Using cutting-edge techniques, Banfield and her students have sequenced the genomes of extremophile bacteria and catalogued the proteins they produce.
Her work has improved the understanding of how life survives in the most unlikely places, and thus can assist us in finding the signature of life on other planets.
Find out more at the offical L’Oréal site here.
Prof Elizabeth Blackburn (2008)
Elizabeth Blackburn and her colleagues not only discovered the DNA sequences which make up the telomeres that form the ends of chromosomes, but also recognised their importance in cell replication.
Without intact telomeres, cells cannot divide and tumours cannot prosper. The researchers also discovered the enzyme, telomerase, that is responsible for building telomeres.
Telomeres hold pairs of chromosomes together during cell division and are important in organising the genetic material during replication. In each cell division a little of the telomere is lost, so the cell eventually can replicate no more.
But tumour cells retain the capacity to keep dividing and that depends on active telomerase. This area of study has become so significant to medical research that Blackburn and her co-workers won the Nobel Prize in 2009.Find out more at the offical L’Oréal site here.

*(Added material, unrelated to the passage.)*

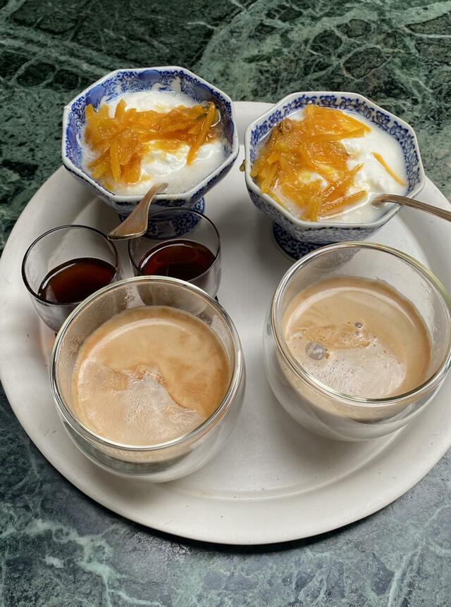 カフェオレ、今日の元気、ヨーグルト+マーマレード、プロテイン。

Prof Margaret Brimble (2007)
Margaret Brimble has become a leader in New Zealand’s biopharmaceutical industry by working hard at making shellfish toxins. In humans, these poisons are responsible for conditions ranging from diarrhoea to extreme heart attacks and paralysis.
Most of them regulate the function of ion channels and thus are useful for the design and development of drugs to treat pain, epilepsy, hypertension, stroke and cancer.
Shellfish toxins are also some of the most complex molecular structures known, and often take more than 30 steps, each posing a unique challenge, to prepare in the laboratory. So projects can take years to complete.
Find out more at the offical L’Oréal site here.
Prof Jennifer Graves (2006)
By comparing the genomes of marsupials, egg-laying and placental mammals—that is, exploiting the genetic diversity of Australia’s unique mammals—Jenny Graves has provided valuable insights into mammal development, reproduction, genetic disease, disease defence mechanisms, and species survival in general.
Her contribution to understanding the evolution, function and organization of the mammalian genome has had a major impact. Much of her career has been devoted to exploring the varied sex determination mechanisms of mammals, work which has paved the way for the diagnosis of gender disorders and gender-related disease in humans.
She was heavily involved in the recent publication of the first marsupial genome, of the Tammar wallaby.
Find out more at the offical L’Oréal site here.
Prof Suzanne Cory (2001)
Suzanne Cory works on the interactions between genes, the immune system and cancer. Initially she and her husband and research partner Jerry Adams puzzled out how the body makes the myriad antibodies needed to fight diverse infectious agents.
They found antibody genes are encoded as bits and pieces which can combine in many different ways, thereby creating the variety needed to fight infection. Then they showed how damage to chromosomes can activate cancer-promoting genes.
And their latest research is on how cells decide whether to live or die. This should lead to the development of more effective therapeutics for cancer and degenerative diseases.